= Available data =
*** Block opens ***
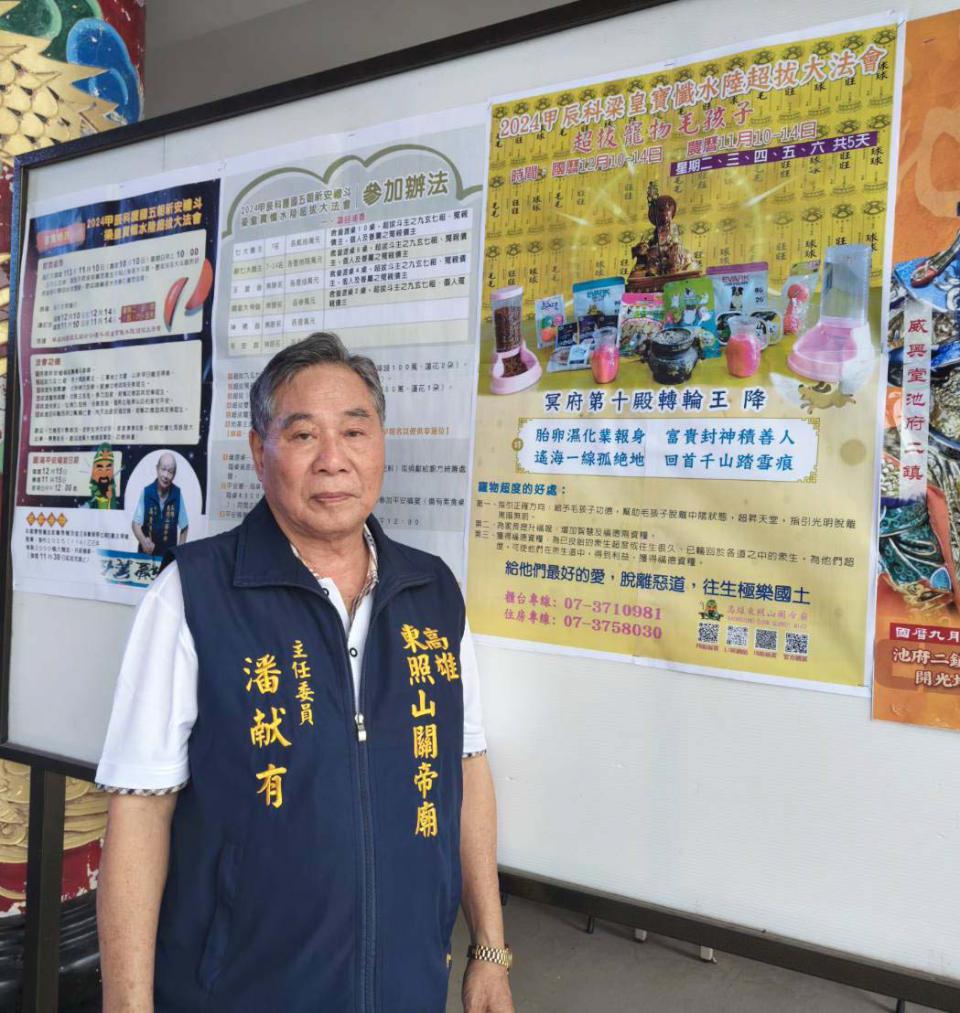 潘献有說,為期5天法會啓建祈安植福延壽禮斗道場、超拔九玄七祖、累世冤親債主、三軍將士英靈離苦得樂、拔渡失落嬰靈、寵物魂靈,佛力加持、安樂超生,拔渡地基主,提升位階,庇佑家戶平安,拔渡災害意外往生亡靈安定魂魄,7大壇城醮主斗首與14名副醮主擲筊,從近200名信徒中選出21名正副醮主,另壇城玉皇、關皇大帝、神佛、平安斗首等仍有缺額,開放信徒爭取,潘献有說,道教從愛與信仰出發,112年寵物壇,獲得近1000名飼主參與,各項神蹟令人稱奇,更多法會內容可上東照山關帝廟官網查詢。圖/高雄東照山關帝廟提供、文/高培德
*** Block closes ***
*** Block opens ***
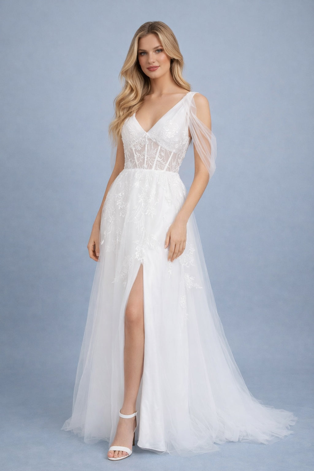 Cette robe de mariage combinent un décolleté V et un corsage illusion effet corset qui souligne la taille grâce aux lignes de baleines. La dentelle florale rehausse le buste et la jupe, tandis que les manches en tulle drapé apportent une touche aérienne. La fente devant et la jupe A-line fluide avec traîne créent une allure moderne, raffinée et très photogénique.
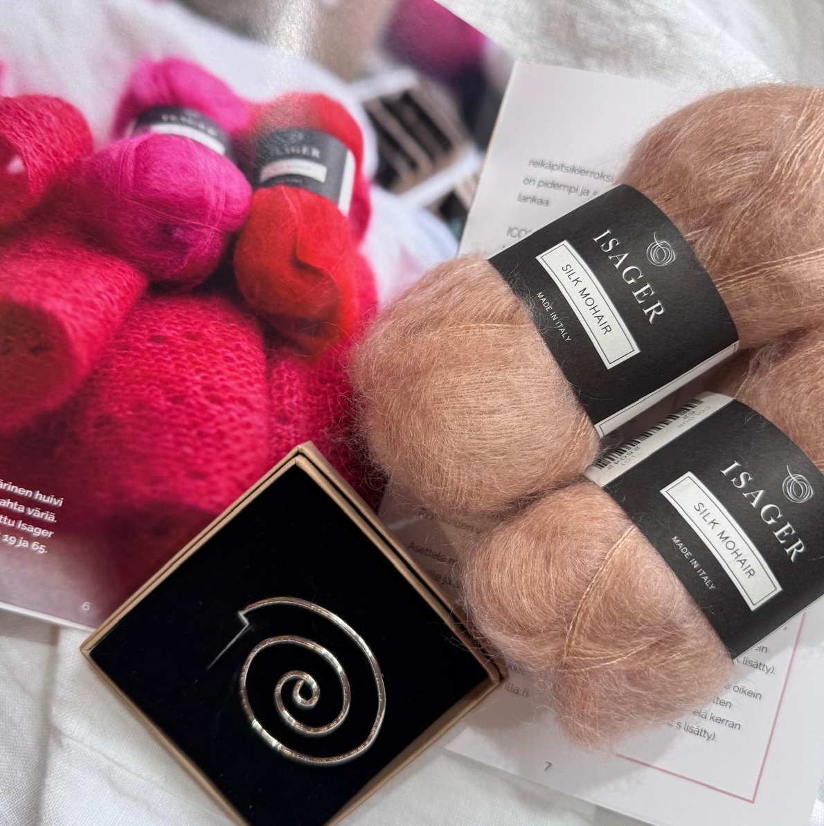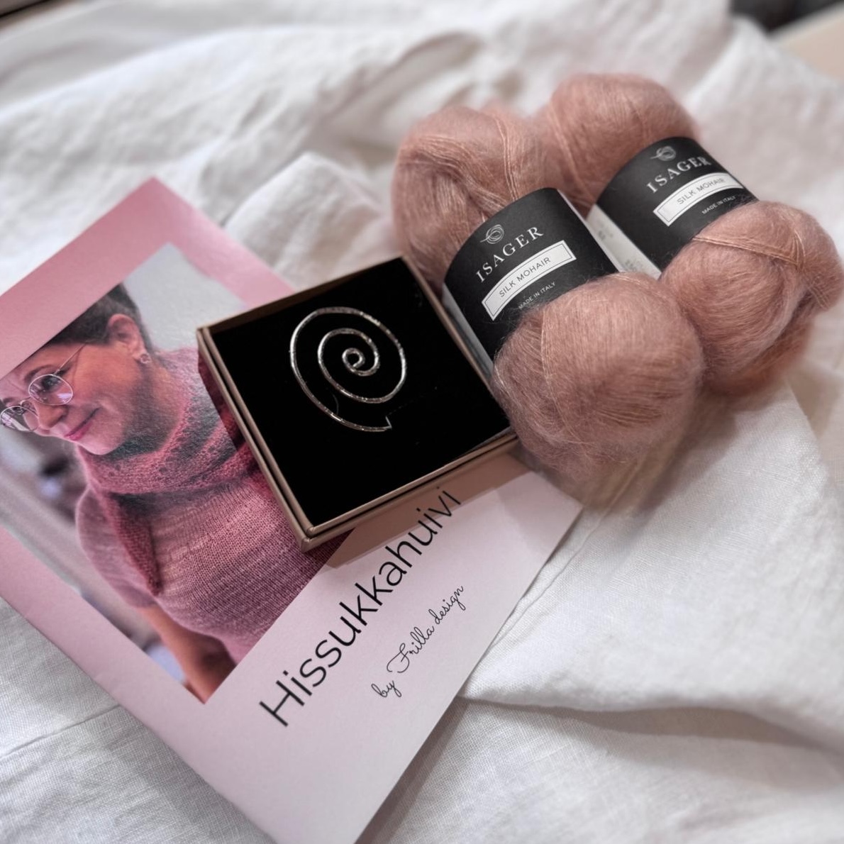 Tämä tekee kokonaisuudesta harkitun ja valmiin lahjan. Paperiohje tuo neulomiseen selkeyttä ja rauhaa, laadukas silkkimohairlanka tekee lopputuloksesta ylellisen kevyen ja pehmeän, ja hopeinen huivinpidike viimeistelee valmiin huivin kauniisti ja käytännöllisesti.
*** Block closes ***
= What the task requires =
Nothing but the lines above, starting at the line that contains "Cette robe de" and ending at the line that contains "Tämä tekee kokonaisuudesta", should be given again, exactly and without the pictures.

= Task result =
 Cette robe de mariage combinent un décolleté V et un corsage illusion effet corset qui souligne la taille grâce aux lignes de baleines. La dentelle florale rehausse le buste et la jupe, tandis que les manches en tulle drapé apportent une touche aérienne. La fente devant et la jupe A-line fluide avec traîne créent une allure moderne, raffinée et très photogénique.
 Tämä tekee kokonaisuudesta harkitun ja valmiin lahjan. Paperiohje tuo neulomiseen selkeyttä ja rauhaa, laadukas silkkimohairlanka tekee lopputuloksesta ylellisen kevyen ja pehmeän, ja hopeinen huivinpidike viimeistelee valmiin huivin kauniisti ja käytännöllisesti.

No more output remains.